Gold v.s. Bitcoin

Gold v.s. Bitcoin

Since the birth of bitcoin, one question has repeatedly grabbed headline: will bitcoin replace gold? Comparing the two is inevitable as both are forms of money that are not issued by government and both offer anonymity to their owners.

Three differences are immediately evident. Gold is more stable (up 12% this year) while bitcoin is much more volatile, up six-fold this year. Volatility is good for speculators but not as positive for those who want safe keeping for their wealth. That’s why Ray Dallio, manager of Bridgewater, the world’s largest hedge fund, recently warned of a bitcoin bubble and how he favoured gold over the cryptocurrency.

Second, the gold market is much larger, with a value of more than $7 trillion versus about $100 billion for bitcoin, no doubt one of the reasons why it is much less volatile. A larger market brings in more participants which helps to ensure liquidity.

Third, gold has been money for a very long time and has proven itself. The first record of gold being used as money is from around 700 B.C. when the Lydians combined it with silver to form electrum coins.

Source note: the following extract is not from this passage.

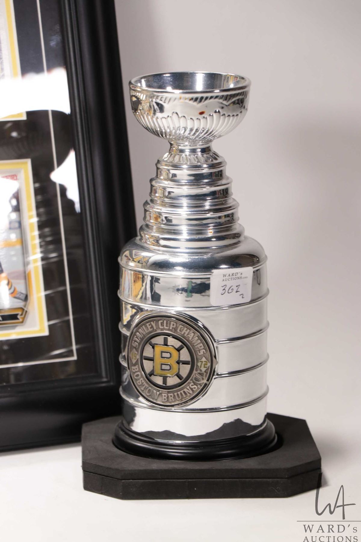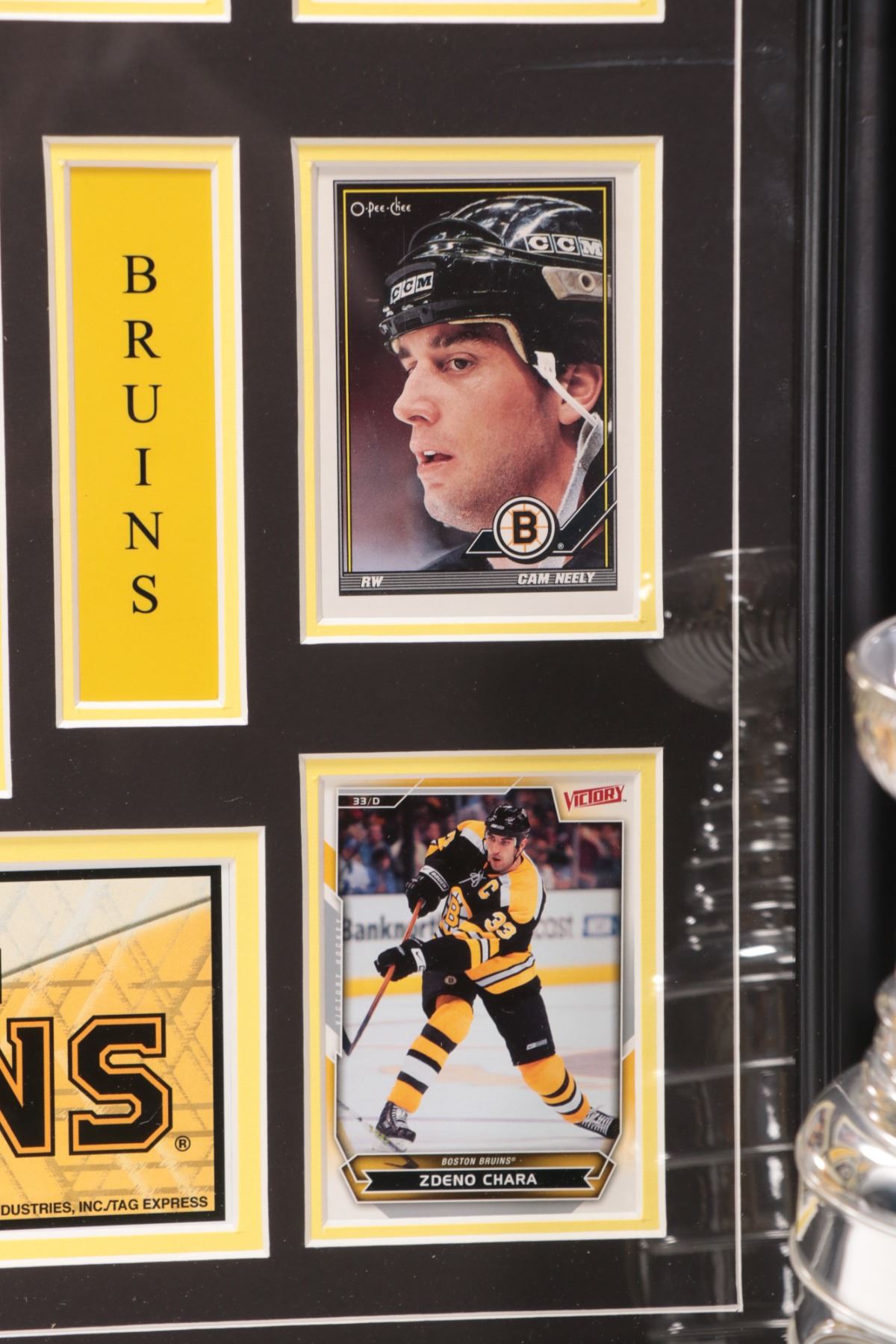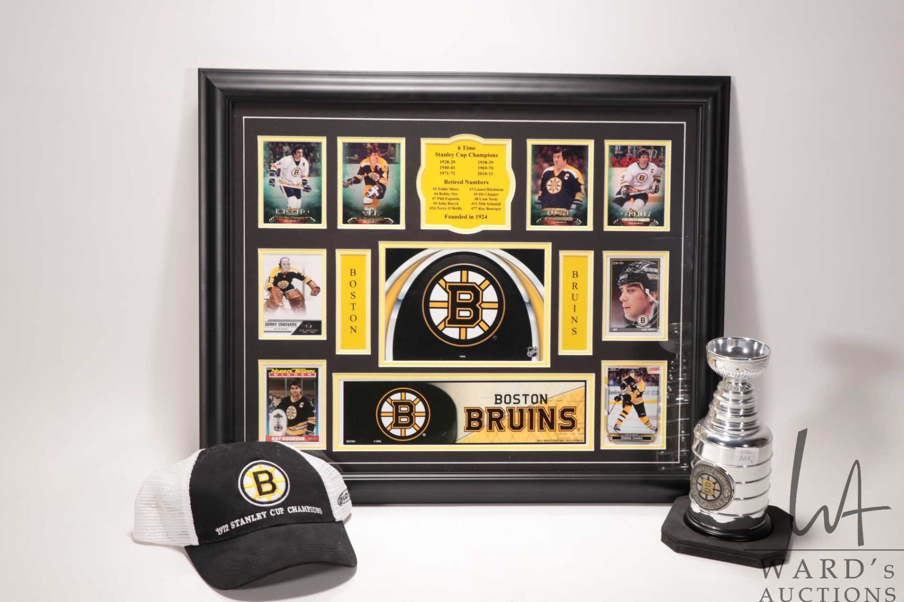 Framed Boston Bruins hockey card collage, overall dimensions including frame 19" X 23" and a Boston Bruins 1972, 8" Stanley Cup. Note: Artwork and framed pieces cannot be insured and many are too large to ship. Local pickup

Its use and its value have survived every conceivable political, economic, financial and natural disaster throughout the world. Bitcoin is less than 10 years old.

The latest to weigh in on this question is Goldman Sachs (GS) which, in a research note entitled ‘Fear and Wealth’, has concluded that gold is a better store of value than bitcoin. Examining gold and bitcoin against the key characteristics of money, the GS report concludes that “precious metals remain a relevant asset class in modern portfolios, despite their lack of yield.” As the level of uncertainty increases, GS expects investors to increase their exposure to gold. In their view, fear is the medium to short-term driver of the gold price. The long-term driver, Goldman Sachs believes, is the accumulation of wealth and the need to preserve it.

Goldman Sachs looked at four key properties of a long-term store of value–durability, portability, intrinsic value and unit of account–concluding that the reasons why gold was originally adopted as a store of wealth remain relevant today. Here are their ratings:

Durability: While both require expertise for correct long-term storage, gold wins because cryptocurrencies are vulnerable to: hacking of online wallets or the user’s computer or smartphone; regulatory risk; and internet infrastructure risk during a crisis (as in Puerto Rico).

Portability: Transferring bullion can be expensive given its weight, its need for a high level of security, and high import taxes in some countries such as India. In contrast, bitcoins are much faster and cheaper to move.

Intrinsic value: There’s a limited supply of gold and other precious metals in the Earth’s crust, whereas in the case of cryptocurrencies, it’s easy to create new ones, meaning there’s effectively no control over supply and no intrinsic value due to rarity.

Unit of account: Gold is better at holding its purchasing power and has much lower daily volatility. Bitcoin/dollar volatility has averaged almost seven times that of gold in 2017, GS calculates.

The Goldman Sachs authors also conclude that these factors “clearly illustrate that Bitcoin as a unit of account and medium of exchange is nowhere near as favourable as it first appears.”

09. Gold v Bitcoin chart

Is gold that really that immovable? Goldman Sachs found gold was only at a disadvantage to bitcoin when it came to portability. Bullion is often accused of being bulky and therefore dysfunctional as a form of money. However, there is one factor commonly overlooked by those who make this argument; the size of gold bars and coins relative to their value. A kilo of gold (about 2.2 pounds) is about the size of your IPhone but it’s worth about US$40,000.

In our view, investors need to be clear about their motives before deciding where to put their savings. For security, the answer appears to be gold. For the potential of large speculative gains, bitcoin may be for you, if you have the stomach for risk and some extra funds you can afford to lose.